Sanjeev Arora, M.D., a liver disease doctor in Albuquerque, N.M., launched Project ECHO in 2003. The endeavor sprang from his frustration: thousands of New Mexicans with hepatitis C could not get needed treatment because there were no specialists where they lived. Dr. Arora envisioned and implemented a model that makes specialized medical knowledge more accessible. Today, Project ECHO operates with more than 130 partners in the U.S. and abroad.

Dr. Lester first learned about Project ECHO in 2015 while attending an American Academy of Pediatrics (AAP) national conference. It included a session with Dr. Arora.

“I thought Project ECHO was such an exciting concept,” she says. “At this same time, we were starting to develop the vision of the Center for the Child & Community, which we knew was going to be a statewide model. I thought Project ECHO could be a great way to deliver Children’s expertise to other communities across the state and create partnerships with providers in order to help children receive the right care in the right place at the right time.”

Children’s Center for the Child & Community, which launched in March 2016, embraces a mission to empower communities to value and support the health, safety and well-being of every child. Children’s Project ECHO helps achieve that mission.

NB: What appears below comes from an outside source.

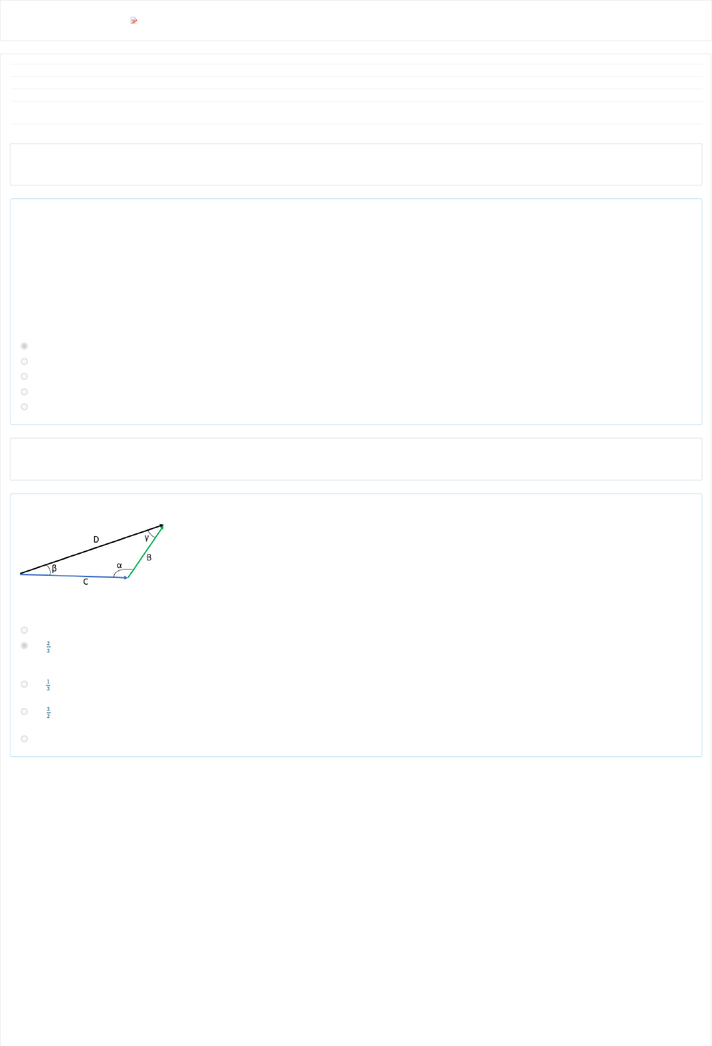 01/02/2024, 07:36 ATIVIDADE ONLINE 1 - AV12024/1 https://moodle.ead.unifcv.edu.br/mod/quiz/review.php?attempt=3379631#q4 1/4 Painel / Meus cursos / FGENGP / 📝 AVALIAÇÕES 2024/1 / ATIVIDADE ONLINE 1 - AV12024/1 Iniciado em segunda, 22 jan 2024, 07:32 Estado Finalizada Concluída em quinta, 1 fev 2024, 07:36 Tempo empregado 10 dias Avaliar 1,60 de um máximo de 2,00(80%) Questão 1 Correto Atingiu 0,20 de 0,20 Na Física, considerando todas as diversas grandezas com as quais trabalhamos, pode-se dividí-las em dois grandes grupos: as grandezas vetoriais, que podem ser representadas por vetores, e as escalares, que não podem ser representadas vetorialmente. A seguir estão apresentadas quatro grandezas. I – Tempo. II – Velocidade. III – Massa. IV – Temperatura. Assinale a alternativa que apresenta quais destas grandezas são consideradas escalares. Escolha uma opção: a. I, III e IV, apenas. b. I, II, III e IV. c. I e II, apenas. d. II e IV, apenas. e. II, III e IV, apenas. Questão 2 Correto Atingiu 0,20 de 0,20 Os vetores apresentados abaixo são representados pelas letras B, C e D, formando os ângulos α, β e γ. Sabe-se que o ângulo α é duas vezes maior do que o ângulo γ e três vezes maior do que o ângulo β. Com base nessas informações, assinale a alternativa que apresenta a relação entre os módulos B/C. Escolha uma opção: a. 2 b. c. d. e. 1 2 3 1 3 3 2 https://moodle.ead.unifcv.edu.br/my/ https://moodle.ead.unifcv.edu.br/my/ https://moodle.ead.unifcv.edu.br/course/view.php?id=1552 https://moodle.ead.unifcv.edu.br/course/view.php?id=1552#section-5 https://moodle.ead.unifcv.edu.br/mod/quiz/view.php?id=160837 01/02/2024, 07:36 ATIVIDADE ONLINE 1 - AV12024/1 https://moodle.ead.unifcv.edu.br/mod/quiz/review.php?attempt=3379631#q4 2/4 Questão 3 Correto Atingiu 0,20 de 0,20 Uma partícula se move em linha reta, sendo sua posição, S, podendo ser determinada com base no tempo, t, considerando-se a equação horária S = 5 + 3.t² + 5.t³, com todas as unidades no S.I.. Com base nestes dados, são feitas as seguintes afirmações: I – A velocidade média entre os instantes 0 e 5 s é igual a 141 m/s. II – A posição 170 m será atingida em menos de 3 segundos. III – O movimento em questão é retilíneo e uniforme. IV – A velocidade instantânea no instante t = 2 s é igual a 57 m/s. É correto o que se afirma em: Escolha uma opção: a. II e III, apenas. b. I e IV, apenas. c. II, III e IV, apenas. d. I, II, III e IV. e. I e II, apenas. Questão 4 Incorreto Atingiu 0,00 de 0,20 Na figura a seguir estão apresentados os vetores B e C junto ao vetor A, que é resultado da soma entre ambos os vetores. Os ângulos são representados pelas letras α, β e γ. Sabe-se que o módulo de A é igual ao sêxtuplo do módulo de C e igual ao triplo do módulo de B. Com base nisso, analise as afirmativas a seguir. I – O ângulo α é 6 vezes maior do que o ângulo γ. II – O ângulo γ é igual a metade do ângulo β. III – O ângulo α é igual a 120º. IV – Pode-se determinar o módulo de A usando o teorema de Pitágoras. É correto o que se afirma em: Escolha uma opção: a. I e II, apenas. b. I, II, III e IV. c. II, III e IV, apenas. d. I, apenas. e. I, II e III, apenas. Questão 5 Correto Atingiu 0,20 de 0,20 Como forma de simplificar a escrita, muitas vezes nós usamos prefixos junto às siglas das unidades. Por exemplo, o prefixo k em frente a uma sigla significa que teremos aquela unidade multiplicada por mil. Considere os seguintes valores: 10 µg, 7 ms e 4 hm. Assinale a alternativa que apresenta estes valores, respectivamente, com suas unidades dadas seguindo o Sistema Internacional. Escolha uma opção: a. 0,00001 kg, 0,0007 s e 400 m. b. 0,00001 g, 0,007 s e 40 m. c. 0,000001 g, 0,0000019 s e 40 m. d. 0,00000001 kg, 0,07 s e 0,4 m. e. 0,00000001 kg, 0,007 s e 400 m. 01/02/2024, 07:36 ATIVIDADE ONLINE 1 - AV12024/1 https://moodle.ead.unifcv.edu.br/mod/quiz/review.php?attempt=3379631#q4 3/4 Questão 6 Correto Atingiu 0,20 de 0,20 Uma mola ideal é presa verticalmente a um suporte e, em seguida, um objeto A é preso à ponta livre dela. Nota-se que a mola acaba se estendendo em 8 cm. Em seguida, o objeto A é retirado e em seu lugar é colocado o objeto B, o qual tem o dobro da massa de A, e a mola novamente é estendida. Por último, sem retirar o objeto B, posiciona-se o objeto C junto a ele, fazendo com que a mola se estenda em 20 cm. Com base nas situações expostas, são feitas as seguintes afirmações: I – Caso os objetos A e B fossem presos à mola simultaneamente, a mesma se deformaria em 16 cm. II – Caso o objeto A fosse adicionado ao sistema final, a mola ficaria estendida em 28 cm. III – As informações são insuficientes para determinar a constante elástica da mola. IV – A massa do objeto C é igual à massa do objeto A. É correto o que se afirma em: Escolha uma opção: a. I e II, apenas. b. II e III, apenas. c. II, III e IV, apenas. d. I e IV, apenas. e. I, II, III e IV. Questão 7 Incorreto Atingiu 0,00 de 0,20 As equações relacionadas a movimentos, as quais foram estudadas no decorrer da disciplina, também são válidas para a prática. Entretanto, há diversos fatores externos que podem influenciar a realização do experimento. A respeito de práticas referentes a movimentos retilíneos, são feitas as seguintes afirmações: I – Se dois corpos de mesma massa iniciarem um movimento simultâneo e sob a mesma velocidade, ambos terão resultados idênticos. II – O cronômetro manejado por um ser humano indicará resultados iguais ao cronômetro controlado por um computador. III – A descrição da metodologia utilizada permite a realização de estudos com resultados similares, mas não necessariamente idênticos. IV – Os dados referentes à distância e ao tempo necessários podem ser organizados num gráfico, o que permite calcular a velocidade do corpo em determinados instantes. É correto o que se afirma em

“The Center has three overarching strategies: training and model programs, research and policy advocacy,” Dr. Lester says. “Project ECHO fits into that training and model programs strategy.”

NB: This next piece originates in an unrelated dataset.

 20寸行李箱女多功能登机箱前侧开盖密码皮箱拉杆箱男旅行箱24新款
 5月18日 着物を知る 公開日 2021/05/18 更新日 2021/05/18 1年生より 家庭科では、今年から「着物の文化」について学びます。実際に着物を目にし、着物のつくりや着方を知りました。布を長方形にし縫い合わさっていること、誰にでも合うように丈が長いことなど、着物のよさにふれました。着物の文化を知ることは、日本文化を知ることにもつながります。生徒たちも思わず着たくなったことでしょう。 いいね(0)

Brad Brabec, M.D., a Lincoln pediatrician and member of Children’s Board of Directors, calls Project ECHO a “tremendous opportunity to be involved in some incredible discussion and education points for physicians in the region.”

He adds, “The more we can all hear the same information, implement those same guidelines of care and practice medicine together in a similar fashion, the better the care is going to be for children in the long run.”

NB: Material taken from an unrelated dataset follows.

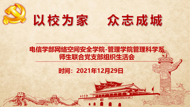 管理科学系师生联合党支部与电信学部网安学院师生联合党支部,在线上召开了一次特别的组织生活会。组织生活会由两个党支部的书记房超研究员和刘烃教授共同主持,邀请a漫

The virtual, educational outreach is funded with a grant from the AAP Division of Innovation.

“It was a very competitive process,” Dr. Lester recalls. “The AAP received 24 grant applications. We were one of two projects funded from across the country.”

Implementing Project ECHO at Children’s required a period of capacity building, including the hiring of Project ECHO coordinator Jennifer Martens, MPH.

“Now that Children’s is an official ECHO replication site, we will be able to use this project to expand to many other health conditions that children are facing. That’s very exciting to me,” Martens says.

Collaboration was also a must.

“A lot of our specialists knew about Project ECHO before we were awarded the grant,” explains Dr. Lester. “We’ve had great collaboration internally among basically every division or department at Children’s. That was one thing I was very intentional about—having this be a very collaborative initiative among Children’s various departments.”

Though the team isn’t quite halfway through its inaugural Project ECHO calendar, Dr. Lester is already looking ahead to future curriculum offerings.

“There is a lot of potential to address many child health topics with Project ECHO,” she says. “The exciting thing, too, will be learning what topics community providers want to learn about—and the same thing is true for each of the specialists at Children’s. They will have their own ideas about what they are interested in.”

Beyond Project ECHO, Dr. Lester encourages community providers and agencies focused on the well-being of children to pursue partnership opportunities with Children’s Center for the Child & Community: “We are here in the community. We’re working in several areas around early childhood systems. We’re working on developing a continuum of care for obesity. We’re launching advocacy efforts and working on our next child health needs assessment in the Omaha community. We look forward to collaborative partnerships in all of those areas.”